Perusahaan yang berorientasi laba tidak berkode etik, melainkan beretika bisnis. Sesungguhnya, seperti kegiatan lainnya, bisnis atau berdagang secara inheren memiliki logika sendiri yaitu memaksimalkan keuntungan. Jika tidak untuk mencari keuntungan, bukan berbisnis namanya. Oleh karena itu, di dalam sistim Ekonomi Kapitalis Liberal, manusia dan juga pelbagai aset lainnya didudukkan sebagai modal perusahaan. Tidak mengherankan bila harkat martabat manusia, dalam dunia Ekonomi semacamnya, terlecehkan demi keuntungan/laba (uang/nilai tukar). Dalam kondisi demikian, Perusahaan pun berubah menjadi ‘gurita raksasa’ yang siap menjerat siapa-siapa yang tidak/kurang membela dan memakmurkannya. Perusahaan besar dan semua unsur yang mewakilinya tampil sebagai ‘Uang Hidup’. Pakaian seragam perusahaan yang semula dimaksudkan sebagai tanda satu korps, penyamarataan tingkat kepegawaian, berubah menjadi identitas karyawan sebagai bagian dari mesin administrasi ’pemupukan kapital/uang’. Alangkah mengerikan, bila manusia pada akhirnya bekerja demi uang/nilai tukar semata, bukan demi martabat sebagai manusia profesional.

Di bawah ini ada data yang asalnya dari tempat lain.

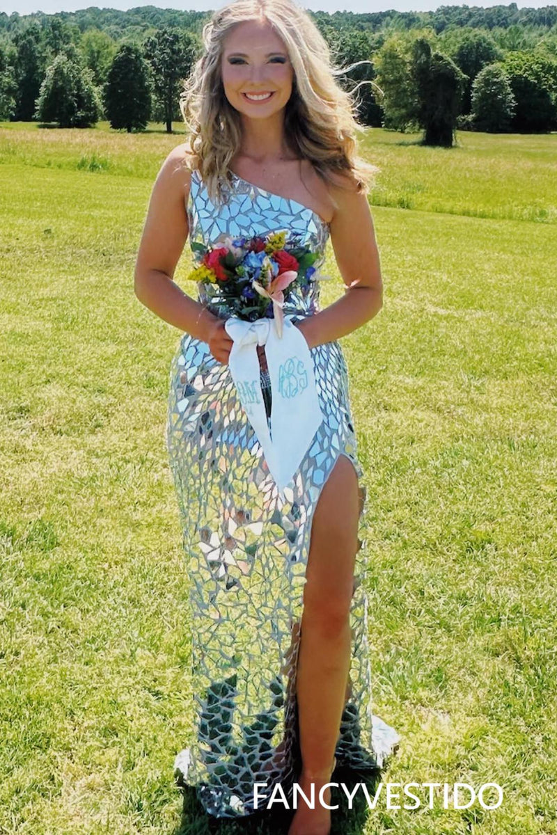 One Shoulder Mirror Sequin Mermaid Prom Dress with Slit
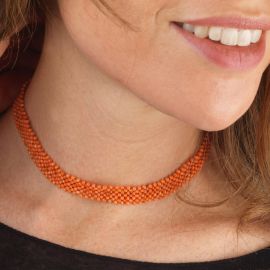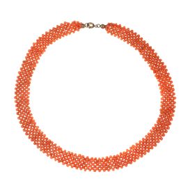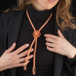 di cui una composta da una fascia di microsfere in corallo rosa di mm 3 circa a maglia tubolare, con al centro un elemento a forma di fiore volto a unire e trattenere la collana, lungh. cm 86, accompagnata da un girocollo composto da microbarilotti in corallo disposti a maglia tessita, chiusura a moschettone in metallo, lungh. cm 36, gr. 76 complessivi
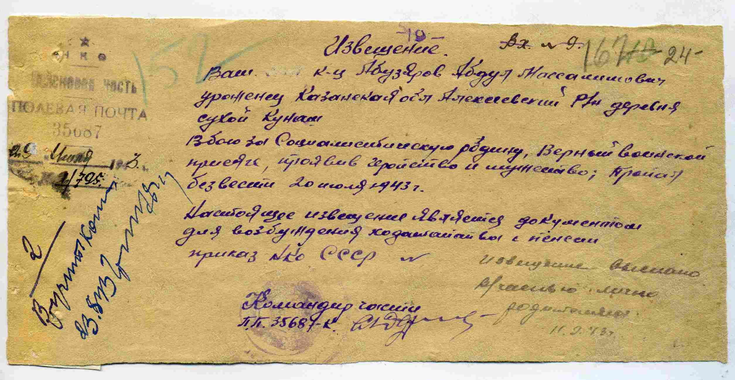 АБУЗЯРОВ Абдулла (Абдул) Мусалимович, 1923, с. Сухие Курнали. Мобилизован Алексеевским РВК 25 сент. 1941. Член ВЛКСМ. Красноармеец, телефонист роты управления 56 мотострелковой бригады 23 ТК 1 гв. А Юго-Западного фронта. Пропал без вести 20 июля 1943, Изюмский р-н, Харьковская обл. УССР.
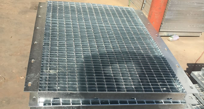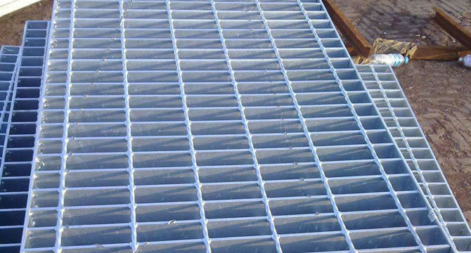 鍍鋅格柵板是由負載扁鋼和橫桿按一定間距經(jīng)緯排列,在高壓電阻焊機上焊接而成原板,經(jīng)切割、切口、開(kāi)孔、包邊等工序深加工而成客戶(hù)要求的成品。
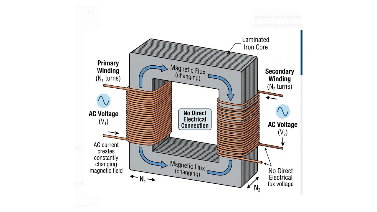 Every transformer runs on one key law of physics: Faraday’s Law of Electromagnetic Induction. This law says that a changing magnetic field will create a voltage in a nearby wire. Transformers use this idea to move energy from one circuit to another with very little waste.
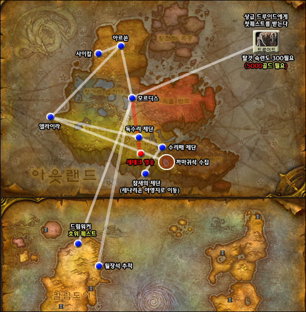 나온다 안 나온다. 소문만 무성했던 드루이드 폭풍 까마귀(280%)퀘스트가 2.1.0 테스트 서버에서 공개되었습니다. 하지만, 드루이드라고 해서 모두 가능한 퀘스트가 아니라 일단, 탈것 숙련 300(5000골드 필요)인 드루이드만 퀘스트를 받을 수 있기 때문에... 절망과 안도의 복합적인 한숨이 여기저기 터져나올 것 같군요.  물론, 전 절망입니다. -_-;;
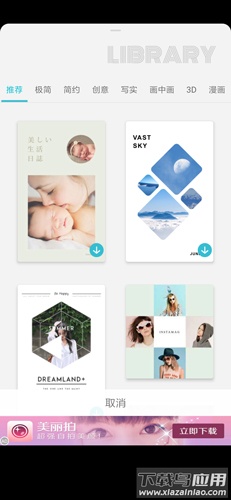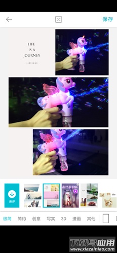 杂志拼图包含极简、创意等多种风格模板,选择照片后点击开始按钮即可生成杂志效果的大片。
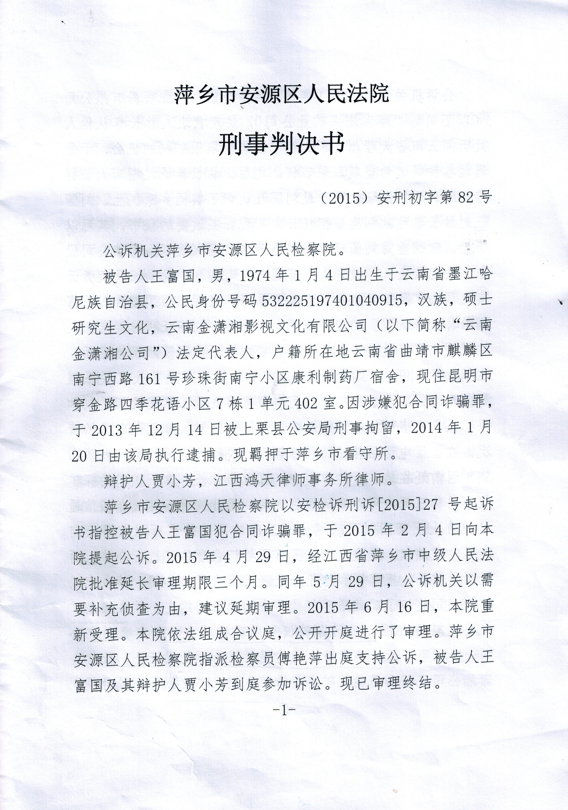 王富国被控合同诈骗宣告无罪—贾小芳律师辩护
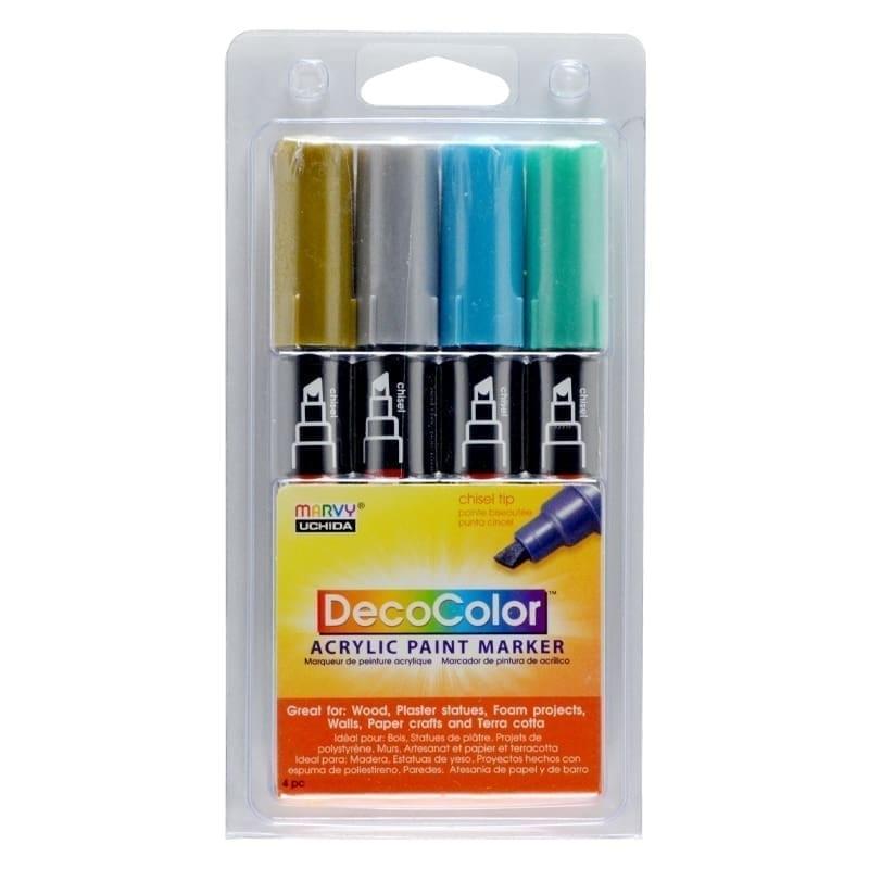 Markery akrylowe "Marvy DecoColor(R)" nadają się do pisania i malowania na dowolnej powierzchni: papierze, kartonie, szkle, kamieniu, betonie, metalu, plastiku, gipsie, terakoty, styropianu, drewnie i innych powierzchniach. Doskonale sprawdza się również w projektach szkolnych, może służyć do ozdabiania obiektów zewnętrznych (doniczek, ławek itp.) oraz innych kreatywnych dzieł sztuki lub designu. Ważne jest, aby wiedzieć: Przed użyciem sprawdź kompatybilność powierzchni. Te akrylowe markery mają trójstronną końcówkę w kształcie dłuta, która umożliwia rysowanie w różnych kierunkach. Farby do markerów nie zawierają kwasu, nietoksyczne i długo utrzymują po wyschnięciu. Nadaje się zarówno dla profesjonalistów, jak i amatorów.
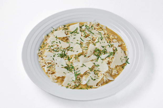 Карпаччо давно превратилось в целый кулинарный жанр и безотказный способ придать нарядный вид любой нарезке: выстеленная, словно белым ковром, ровным слоем съедобных лепестков тарелка выглядит празднично. Сырая цветная капуста для карпаччо — овощ практически идеальный: в ней есть незамутненная ясность, белковый и молочный привкус без лишней травянистости, а при помощи специальной терки ее можно нарезать до толщины бумажного листа. Преодолеть барьер, если вы никогда раньше не пробовали капусту сырой, помогут добавки: наструганный пармезан и капля трюфельного масла — с ними капуста зацветет и запахнет. Никто и не догадается, что у подобной роскоши сырая и сугубо постная основа.
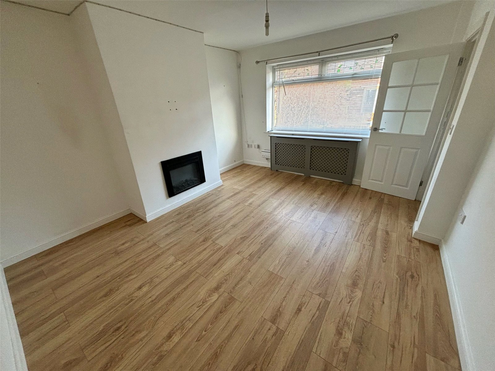 UPVC double glazed window to front of property, laminate flooring, radiator.
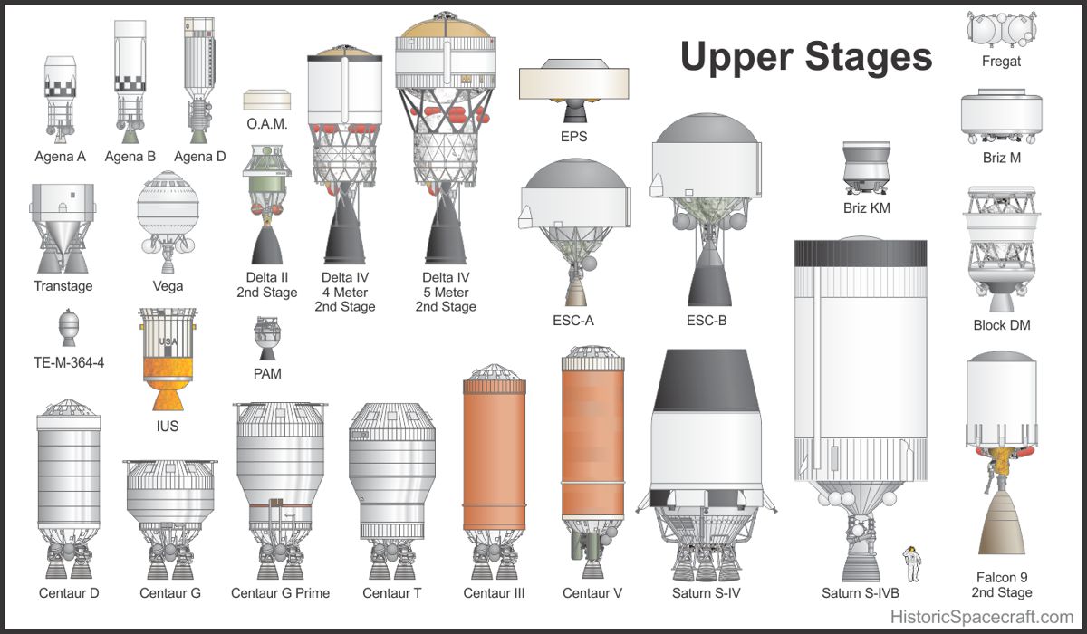 Так вот, первые 20 лет (точнее 22 года) космической эры "весь остальной мир" в лице США делал точно так же как мы. Добавлял к ракетам дополнительные ступени и летал на них куда хотел начиная с ГПО и кончая Ураном и Нептуном. Добавлял к Атласу РБ Аджена и Центавр, к Титану тоже и ещё Транстейдж, к Дельте-ххх0 - Стар-37/48 и т.д. и т.п. Эти ракеты могли использоваться и без разгонных блоков. Даже Сатурн-5 один раз слетала без разгонного блока S-IV. Всё как у нас. Никаких нюансов.
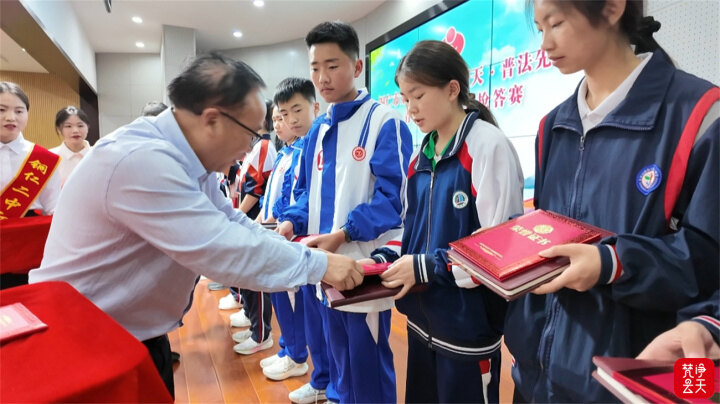 在4月15日全民国家安全教育日之际,由市关工委、市委政法委、市中级人民法院、市人民检察院、市教育局、市司法局、共青团市委、市法学会联合举办的铜仁市第五届“关爱明天、普法先行”青少年学生法律知识抢答赛在铜仁二中隆重举行,充分展现了新时代青少年的法治素养和青春风采。
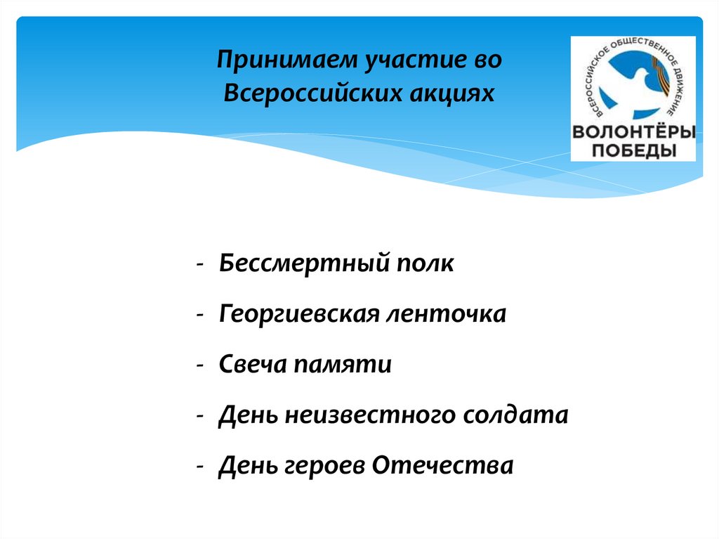 Принимаем участие воВсероссийских акциях
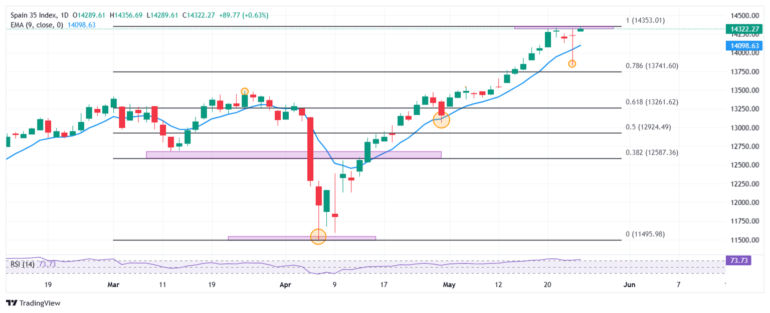 El Ibex 35 marcó un mínimo diario en 14.289, donde atrajo compradores que impulsaron el índice a máximos no vistos desde el 8 de enero en 14.356. Actualmente, el Ibex 35 se negocia en 14.328, subiendo un 0.68% diario.
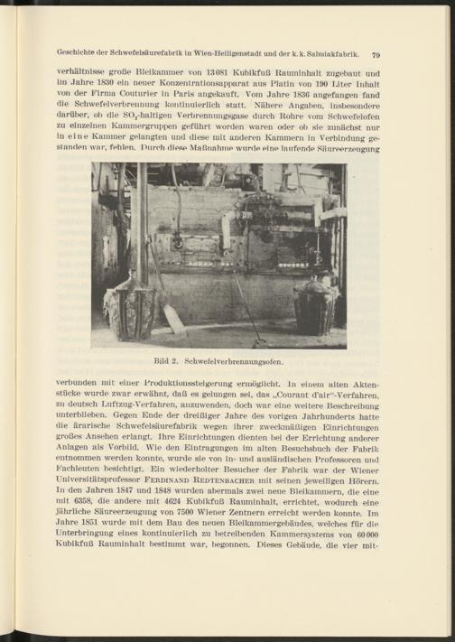 verbunden mit einer Produktionssteigerung ermöglicht, ln einem alten Aktenstücke wurde zwar erwähnt, daß es gelungen sei, das „Courant d’air“-Verfahren, zu deutsch Luftzug-Verfahren, anzuwenden, doch war eine weitere Beschreibung unterblieben. Gegen Ende der dreißiger Jahre des vorigen Jahrhunderts hatte die ärarische Schwefelsäurefabrik wegen ihrer zweckmäßigen Einrichtungen großes Ansehen erlangt. Ihre Einrichtungen dienten bei der Errichtung anderer Anlagen als Vorbild. Wie den Eintragungen im alten Besuchsbuch der Fabrik entnommen werden konnte, wurde sie von in- und ausländischen Professoren und Fachleuten besichtigt. Ein wiederholter Besucher der Fabrik war der Wiener Universitätsprofessor Ferdinand Redtenbacher mit seinen jeweiligen Hörern. In den Jahren 1847 und 1848 wurden abermals zwei neue Bleikammern, die eine mit 6358, die andere mit 4624 Kubikfuß Rauminhalt, errichtet, wodurch eine jährliche Säureerzeugung von 7500 Wiener Zentnern erreicht werden konnte. Im Jahre 1851 wurde mit dem Bau des neuen Bleikammergebäudes, welches für die Unterbringung eines kontinuierlich zu betreibenden Kammersystems von 60000 Kubikfuß Rauminhalt bestimmt war, begonnen. Dieses Gebäude, die vier mit-

Sistem Ekonomi apapun yang diberlakukan, baik yang disebut Ekonomi Kapitalis Liberal ataupun sistem Ekonomi Kerakyatan atau Ekonomi Pancasila sekalipun, tidak berpengaruh pada sistem Ekonomi mikro, yang tujuannya adalah memaksimalkan keuntungan. Jadi kiranya perlu dibedakan antara tujuan berdagang dengan Etika Usaha /Bisnis yang berkewajiban berkontribusi pada kesejahteraan, keselamatan pelanggan, penumpang, pegawai dan sebagainya. Etika Bisnis dalam usaha dagang menghimbau agar kegiatan mencari keuntungan tetap berada dalam rambu-rambu kejujuran dan non-keserakahan.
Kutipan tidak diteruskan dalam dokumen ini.